2.8 Sensitivity Analysis
In a first sensitivity analysis, the code K72.9 ‘hepatic failure unspecified’ was added to the definition of events. Although poorly specific, this code was considered to be compatible with a potential DILI. In a second sensitivity analysis, the follow-up duration was extended to 12 months after antidepressant initiation. In a third sensitivity analysis, the sample was stratified according to the presence or not of aminotransferase testing at inclusion to assess the influence of possible bias ensuing from differential care related to the forthcoming outcome. Finally, a stratification on the number of prescriptions of antidepressant reimbursed during the follow-up (one versus more than one, one reimbursement corresponding to a maximum 30-day supply) was undertaken to control for the bias possibly caused by individuals with a single reimbursement, since they were likely to be non-compliant and therefore not exposed.

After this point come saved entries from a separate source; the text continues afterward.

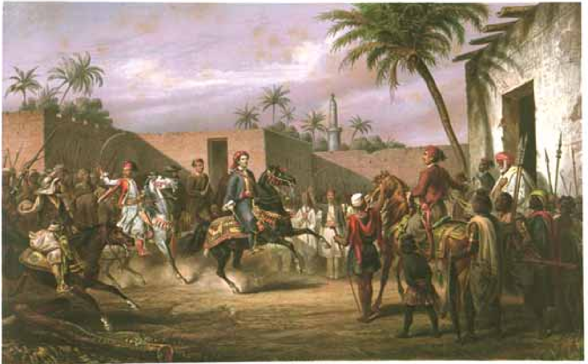
Urdu [El-Oudh] - Hen Dangalah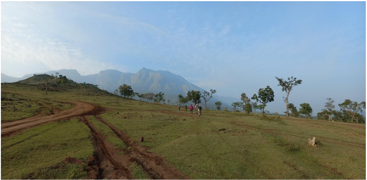
Figuur 5. Wandelen in de bufferzone rond Mudumulai National Park.

zien zowel Jungle als Savanna Nightjar in het licht van onze zaklampen – ondanks dat hij met de speaker aan onophoudelijk gebeld wordt.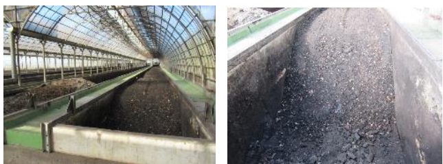
ハザカプラントの様子 左：発酵槽 右：発酵槽廃棄物投入口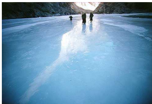
Le Zanskar gelé Suggestion d'itinéraire

Au cœur du Ladakh, la vallée du Zanskar est coupée du monde sept à huit mois par an. De novembre à mai, l'accès à cette région, entourée de hautes montagnes, est bloqué par les neiges qui recouvrent les routes des cols. Les quelques 14 000 habitants de la région, la plupart bouddhistes d'origine tibétaine, vivent alors en totale autarcie. Seule brèche à l'isolement de ces villages : la rivière gelée du Zanskar.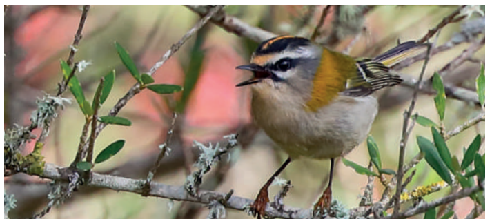
Brandkronad kungsfågel.

Framåt lunch rörde vi oss vidare ut på Formentorhalvön med första stopp för lunch på den gamla utkiksposten Albercutx. Vägarna här är vindlande serpentiner med branta stup på sidorna och karavaner av dödsföraktande cyklister. Dessutom är varje parkering fylld med minst fem bilar för mycket. Lunchen smakade väl till utsikten och klippsvalor som snurrade runt oss.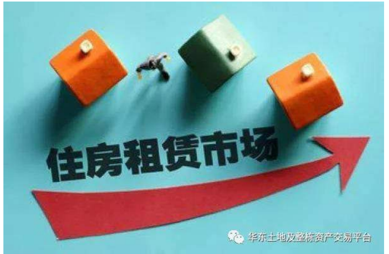
華東土地及整棟資產交易平台

發行規模總計618.8億元。長租公寓租賃市場資產證券化步伐也明顯加快，以租金收入或物業所有權爲底層資產的資產證券化產品已發行數十單，金融創新產品層出不窮。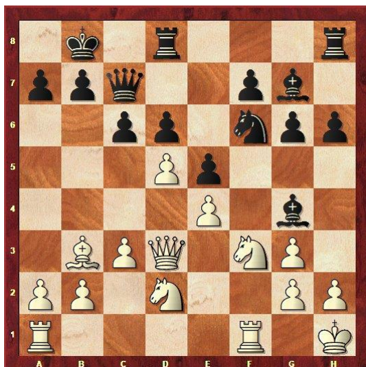
Stelling na 17.De2-d3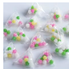
こんぺいとうイメージ

日時 | 5月2日(土)～4日(月・祝) 10:30～20:00 ※ライトアップは18:00～20:00 場所 | サウスポーク水盤周辺 ※雨天時、強風時はカードの取りつけは休止となります。 ※上記を除く場合でも、安全性確保のため予告なく休止する可能性があります。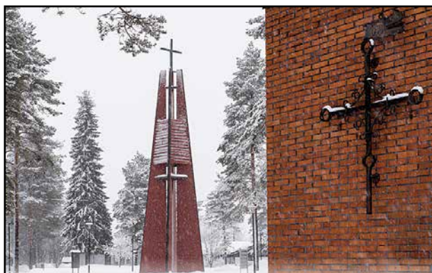
Seurakunnan tilaisuudet toteutetaan 25.4. saakka pääosin YouTuben välityksellä vallitsevan koronatilanteen vuoksi.

Jumalanpalvelus su 11.4. kello 10 toimittaa Timo Liikainen, avustaa Eva-Maria Mustonen, kanttorina Keijo Piirainen.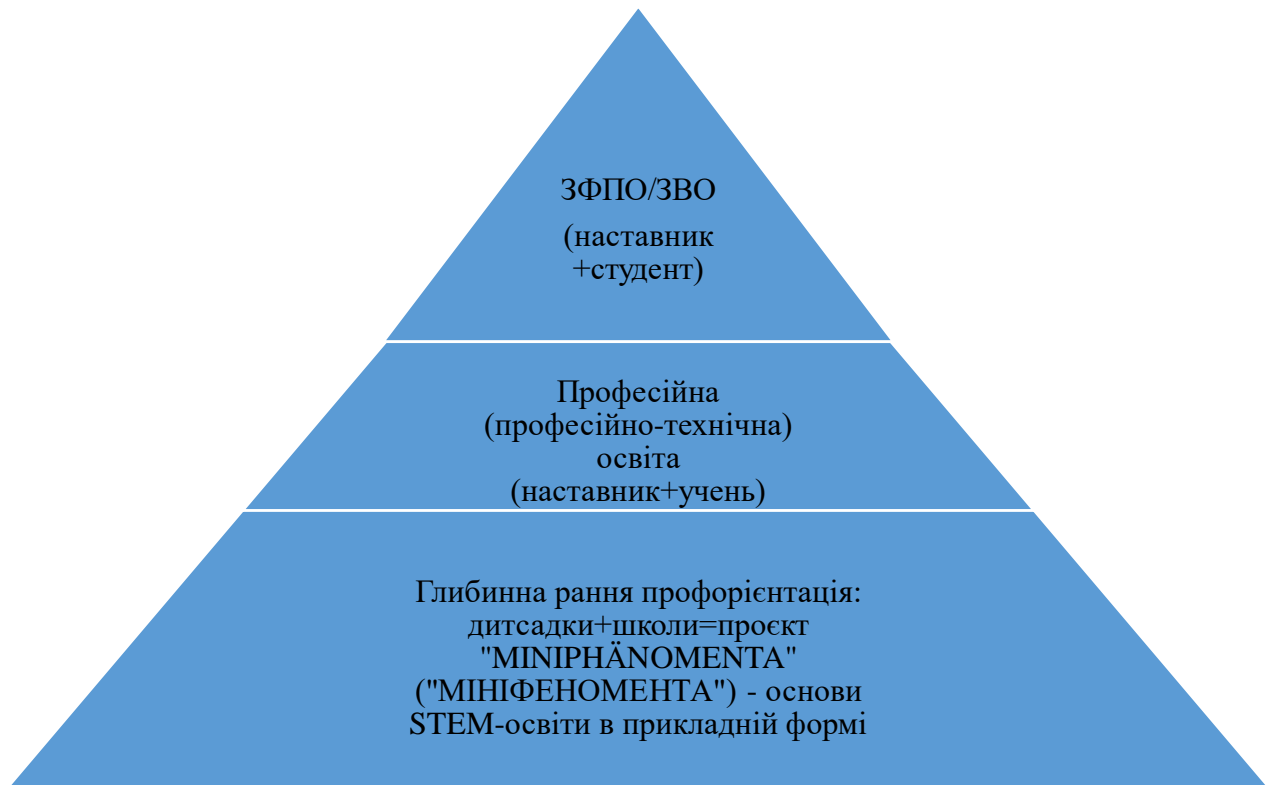
Рис. 1. Перспективна модель дуальної освіти*

З урахуванням вказаних чинників, вважаємо перспективною таку модель ДФЗО (рис. 1).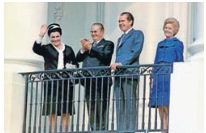
Predsednika Josip Broz Tito in Richard Nixon s soprogama v Beli hiši, 1971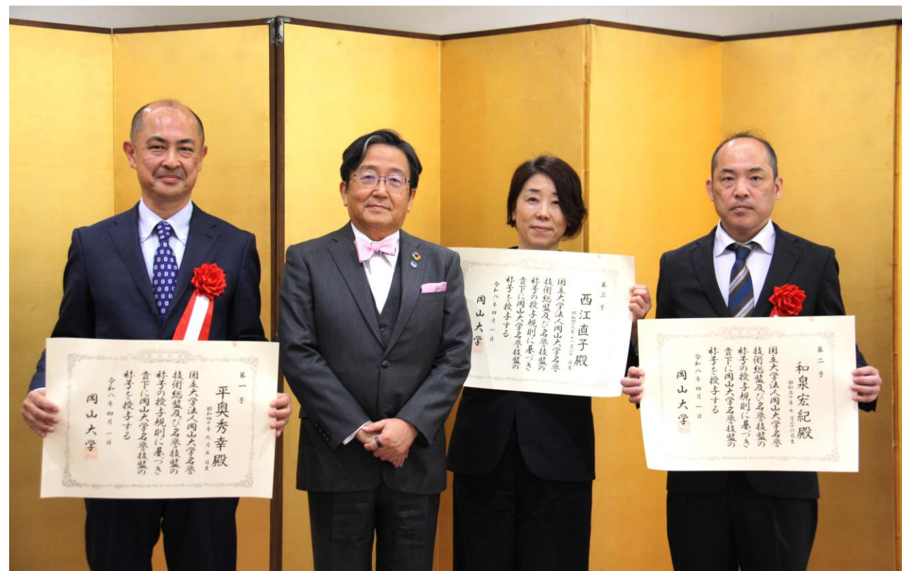
(左から)平奥名誉技監、那須学長、西江名誉技監、和泉名誉技監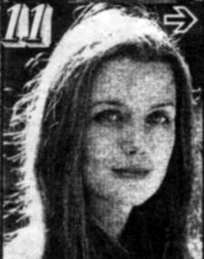
პარსონაჟი „სამ მუშაკარში“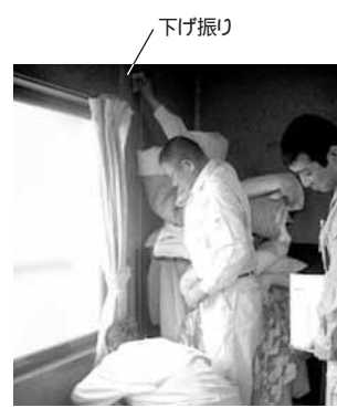
下げ振り 柱がまっすぐ立っているか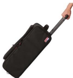
Walizka transportowa ze zintegrowanym wzmacniaczem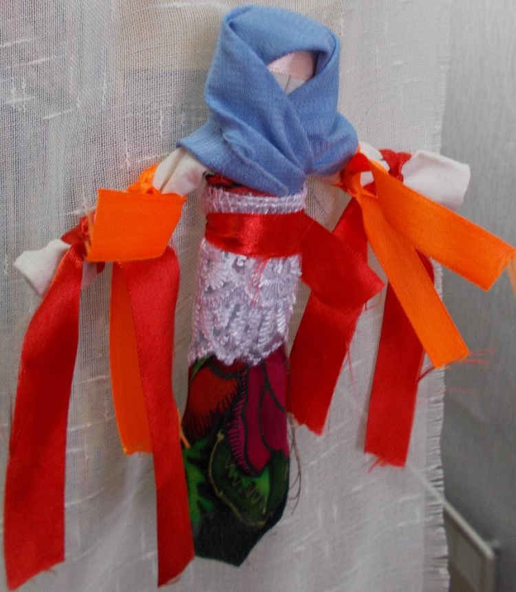
Кукла - желанница. Исполняет желания.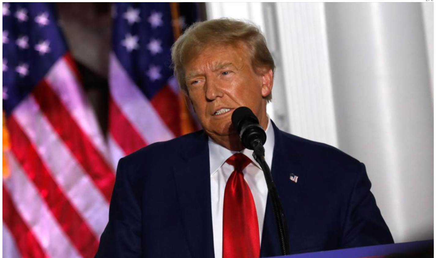
Las acusaciones son contra el ex mandatario y varios de sus hijos.

El expediente judicial presentado por la fiscal James es parte de un caso más amplio en el que se acusa a Trump y a sus coacusados de defraudar a bancos, compañías de seguros y otras entidades con el fin de beneficiar a la Organización Trump. La fiscal está buscando una compensación de 250 millones de dólares en daños y perjuicios. Esta no es la primera vez que Trump se enfrenta a acusaciones legales significativas desde que dejó el cargo presidencial en enero de 2021. Entre las acusaciones que enfrenta se incluyen problemas económicos, asuntos de seguridad nacional y cuestiones políticas.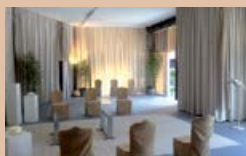
REALIZZAZIONE CAMERE ARDENTI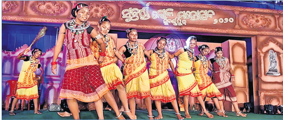
ଗଜପତି ବନ୍ଦେ ମାତରମ୍ ତ୍ୟାଗୁ ଗୁପ୍ତର ଆଦିବାସୀ ନୃତ୍ୟ ।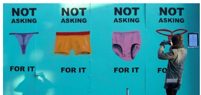
#estonoconsentimiento. Meme de arte callejero, Irlanda, 2017

La violencia sexual, incluida la violación, no tiene que ver con el sexo o con la satisfacción del deseo sexual, es una forma de ejercer poder y control sobre la víctima. Los violadores son perfectamente capaces de controlar su deseo y no participar en ninguna actividad sexual de forma espontánea controlados por su propio impulso sexual. (En respuesta a: “Las agresiones sexuales son actos de pasión y lujuria que no se pueden controlar”).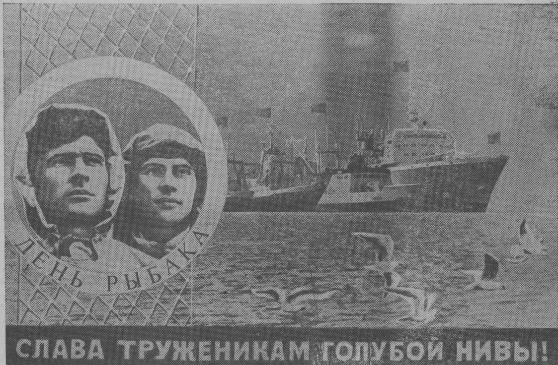
Плакат художника А. Рудковича. Издательство «Плакат».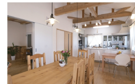
高い天井にかかる梁が目を惹くLDK。大きなダイニングテーブルも、脚取りにあわせて造作された一点ものです。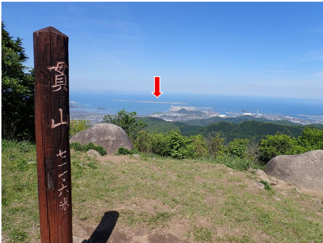
お天気がいいので、山頂から海に浮かぶ北九州空港がよく見える。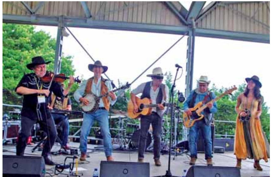
El grupo Clan Makeihan ofrecerá un concierto de música country en las Fiestas.

DEL 23 AL 27 DE JULIO BERNUY DE PORREROS CELEBRA SUS FIESTAS EN HONOR A SANTIAGO, UNA EXCUSA IDEAL PARA CONOCER LA LOCALIDAD Y SUS ALREDEDORES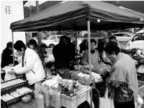
(わいわい市場 葛原)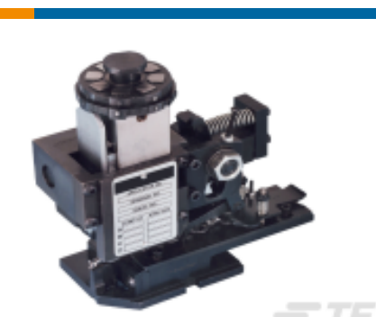
TE 产品编号680588-3 HDM 9HBAPR1405140OG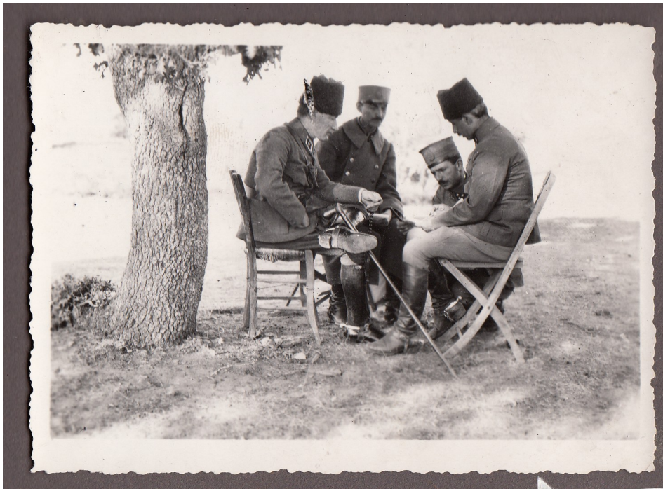
Büyük Taarruzdan Bir Gün Önce Başkomutan Mustafa Kemal Paşa, Batı Cephesi Komutanı İsmet Paşa ve Kur.Alb.Asım Gündüz Harekat Planını Gözden Geçiriyorlar (1922)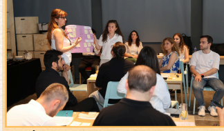
İstanbul Çalıştayı düzenledik.

Pilot bölge olarak belirlenen Kadıköy bölgesindeki binaların güneş enerjisi potansiyeli hesaplandı. Üretilen temiz enerjinin depolanmadan bina, aydınlatma için kullanılmasının ve kalan enerjinin şehir içi ulaşımdaki hafif elektrikli araçlara aktarılmasının dijital ikiz teknolojisi ile modellenmesi yapıldı.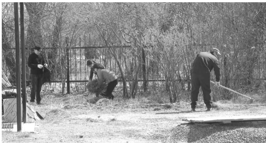
Дружным коллективом сотрудники ЕДДС приступили к уборке территории своего учреждения.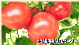
中間市の新鮮なトマト

2.9 Secondary Approach: Study Using a Case-Time-Control Design
A study using a case-time-control design was undertaken as a secondary approach to challenge the conclusions of the main cohort approach and to better control for residual unmeasured confounding; that is, related to variables not directly recorded in automated databases and considered as unchanged over the study period (e.g., disorders related to alcohol abuse, smoking, morbid obesity etc.). One analysis was performed for each antidepressant of interest compared with SSRIs.
In each analysis, incident cases of serious liver injury occurring between September 1, 2011 and June 30, 2015 were identified using the same criteria as for the main cohort approach. Exposure to antidepressants of interest and SSRIs was measured both during a ‘risk’ and a ‘reference’ period corresponding respectively to the 6 months preceding the liver-related event date and to the period from the 9th to the 15th month before this date, a 3-month wash-out period separating these two time windows.
A conditional logistic regression was used to evaluate whether, comparatively to SSRIs, exposure to the antidepressant of interest was more prevalent during the ‘risk’ period compared with the ‘reference’ period. Antidepressant users considered for analyses were individuals with reimbursements for both (1) SSRIs in the absence of antidepressant of interest during one of the two periods and (2) antidepressant of interest in the absence of SSRIs during the other period (Fig. 1). Odds ratios (ORs), crude and adjusted on covariates prone to vary across the periods (i.e., other antidepressants and drugs potentially associated with hepatotoxicity), were computed.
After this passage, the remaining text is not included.